The annual growth rate rebounded to 3.7% in November from 2.4% in October, according to the UK’s biggest construction company. That was the fastest pace since November 2022.
The surge in prices lifted the average cost of purchases across Nationwide to £268,144, just 1% below the record. Nationwide’s data is more recent but less complete than that of the Office for National Statistics, which found that average UK house prices rose by 2.9% to £292,000 in the year to September 2024 .
This record was reached in summer of 2022when the post-Covid lockdown housing rush combines with historically low interest rates. however conditions for borrowers have worsened significantly since then as central banks raised interest rates sharply to fight inflation – leaving a puzzle as to how housing demand is sustained.
Robert Gardner, Nationwide’s chief economist, said: “The acceleration in house price growth is surprising as affordability remains tight by historical standards, with house prices still high relative to median incomes and interest rates well above pre-Covid levels.
“Housing market activity has remained relatively resilient in recent months, with the number of mortgage approvals approaching pre-pandemic levels despite the higher interest rate environment.”
Gardner added: “Solid labor market conditions, p low unemployment rates and strong income gains, even after accounting for inflation, have helped to keep activity and home prices up steadily since the start of the year.”
Household debt levels are at their lowest relative to household income since the mid-2000s, Gardner said.
Prices rose a steady 1.2% in November compared with October, after adjusting for seasonal effects.
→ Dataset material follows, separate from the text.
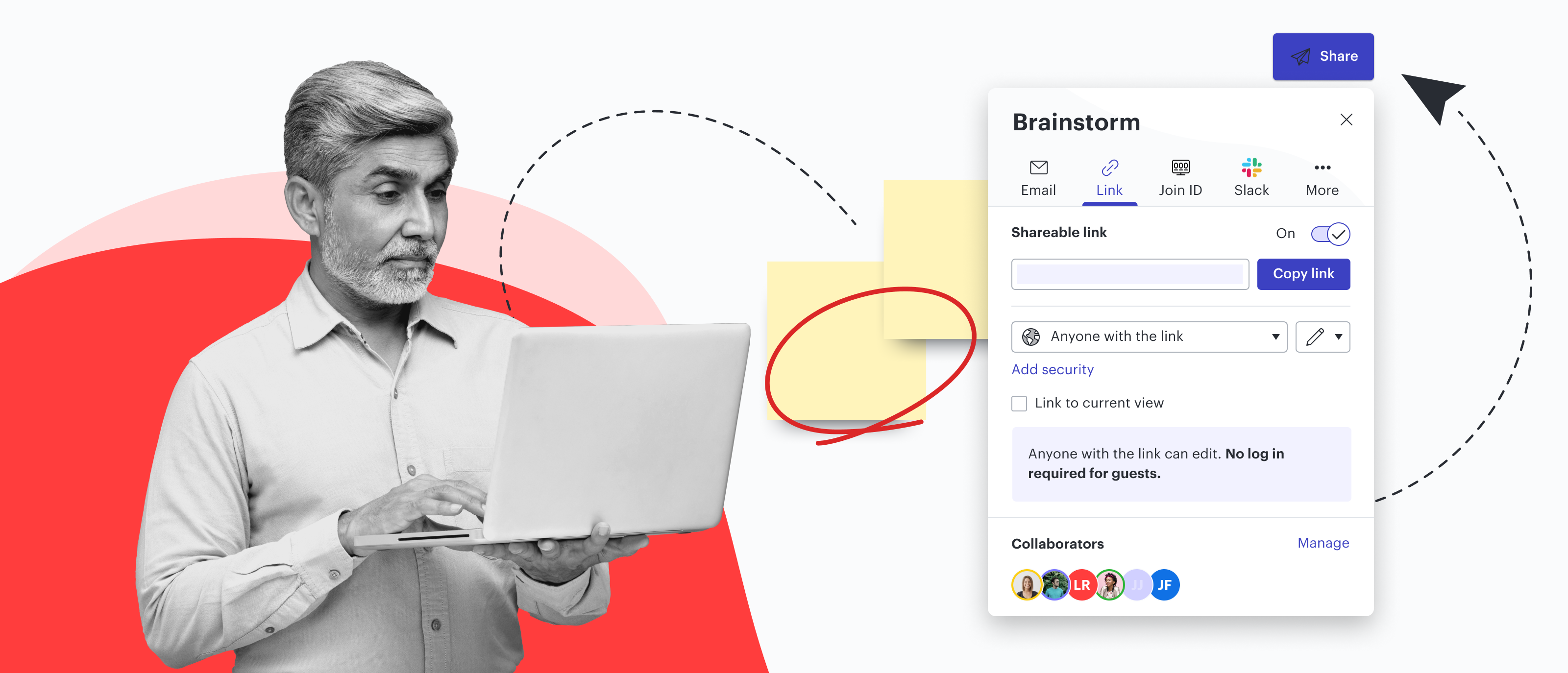 Click the share button to share via email, link, Slack, or Join ID.

This was the biggest monthly gain since March 2022.
Ruth Gregory, deputy chief UK economist at Capital Economics, a consultancy, said she doubted the strength would be sustained as the price-to-income ratio was “still stretched by past standards”. However, she added that she expected a drop in interest rates offered by mortgage lenders, which would help sustain activity next year.
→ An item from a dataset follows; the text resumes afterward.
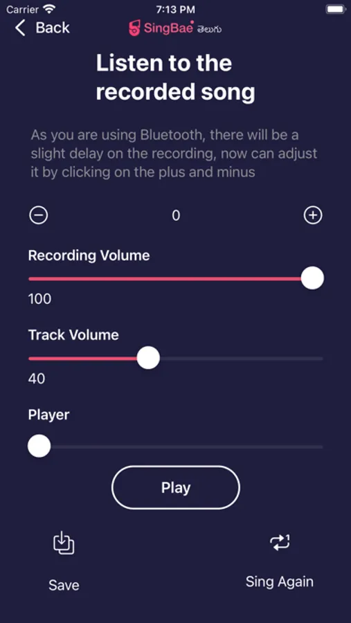 We don’t want you to be restricted to any technical limitations. So, even with the use of any Bluetooth headphones/earphones, you can easily adjust the latency issues by using our state of art most advanced “SingBaė Audio Mixer” tool with just slider buttons! You can boost the audio/instrumental volumes as per your wish and save the recordings, listen to them, and show your talent to your friends and family at any time! We strongly believe that SingBaė will take your karaoke experience to the next level!

Nationwide said the figures were not thought to have been significantly affected by Labour’s first budget, as most mortgage applications had started before it took place on October 30. Chancellor Rachel Reeves made limited changes to stamp duty, raising tax on the purchase of a second home since April.
Budget changes can mean higher number of transactions until the end of March as second home buyers look to beat the deadline. This may be followed by lower numbers for several months.